Hi all,

The following is an issue I have seen at least 3 times over the past few months in different environments and wonder if you guys have any ideas.

Example situation:

You have an environment with  Hyper-V hosts and Hyper-V replicas. On the Hyper-V hosts are based 2 DC's with 1 being the FSMO as per normal. The Domain runs fine.

One of the following situations occur:

                - A failure occurs that means that you have to recover one or all of the DC’s

                or

                - You export one of the servers (normally the FSMO) in order to bring it up in another location, for example in an a totally isolated testing environment.

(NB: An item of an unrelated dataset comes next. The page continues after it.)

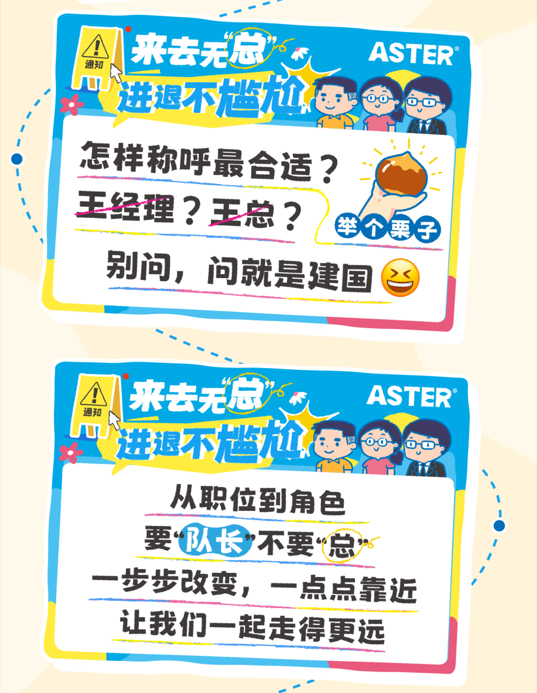 来去无“总”,进退不尴尬!Aster称呼“去总化”行动倡议

It used to be that generally you could achieve the above to get things working again without too much trouble, but recently when we have needed to do one of the above, although the recovered Server(s) boot up fine, AD fails to function. Investigation has shown that the reason this happens is probably to do with

the RID master.

There are 2 fixes we use for this which are documented below:

https://support.microsoft.com/en-gb/help/290762/using-the-burflags-registry-key-to-reinitialize-file-replication-service

https://support.microsoft.com/en-us/help/947022/the-netlogon-share-is-not-present-after-you-install-active-directory-domain-services-on-a-new-full-or-read-only-windows-server-2008-based-domain-controller

So…

Why does bringing up a copy of a previously fine DC (FSMO) in a new/test environment cause AD to have to be repaired in order to function?

Cheers

PT

Thanks for your comments:

A few thoughts:

"Any time you restore a DC, it expects to have a working replication partner."
So this issue does not apply if you only have one DC?
Does it expect to see one working replication partner or all DC's you may have?

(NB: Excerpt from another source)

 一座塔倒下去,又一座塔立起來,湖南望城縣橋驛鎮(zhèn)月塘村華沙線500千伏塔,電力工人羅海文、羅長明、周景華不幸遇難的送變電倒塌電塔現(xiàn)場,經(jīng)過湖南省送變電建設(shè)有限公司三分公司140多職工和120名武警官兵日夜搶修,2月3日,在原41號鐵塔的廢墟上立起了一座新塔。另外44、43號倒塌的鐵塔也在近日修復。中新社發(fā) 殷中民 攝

In a disaster you may only have one DC so I take it your comments are still valid?

I/We know from experience that, in the past, you could take just one DC (FSMO/GC) to an isolated enviroment and AD would function correctly even if it's other DC's were not available.

Thoughts?

Thanks

PT

Hi 

Many thanks for your explanation. One other question is that has it always been the case that a copy of a DC/FSMO placed in an isolated enviroment requires the removal of the now non-exsistent DC's in order for AD to function? I am sure that in that past I have undertaken such work and the FSMO/DC, although not happy that is can't see other DC's still allows AD to function.

Additionally, take an example where 2 DC's in one Domain are in different physical locations connected by a VPN. e.g.


DC1 (FSMO)--VPN================VPN=DC1


If the VPN goes down, would you expect DC1 to not be able to run AD as it could not see the other DC's in the Domain?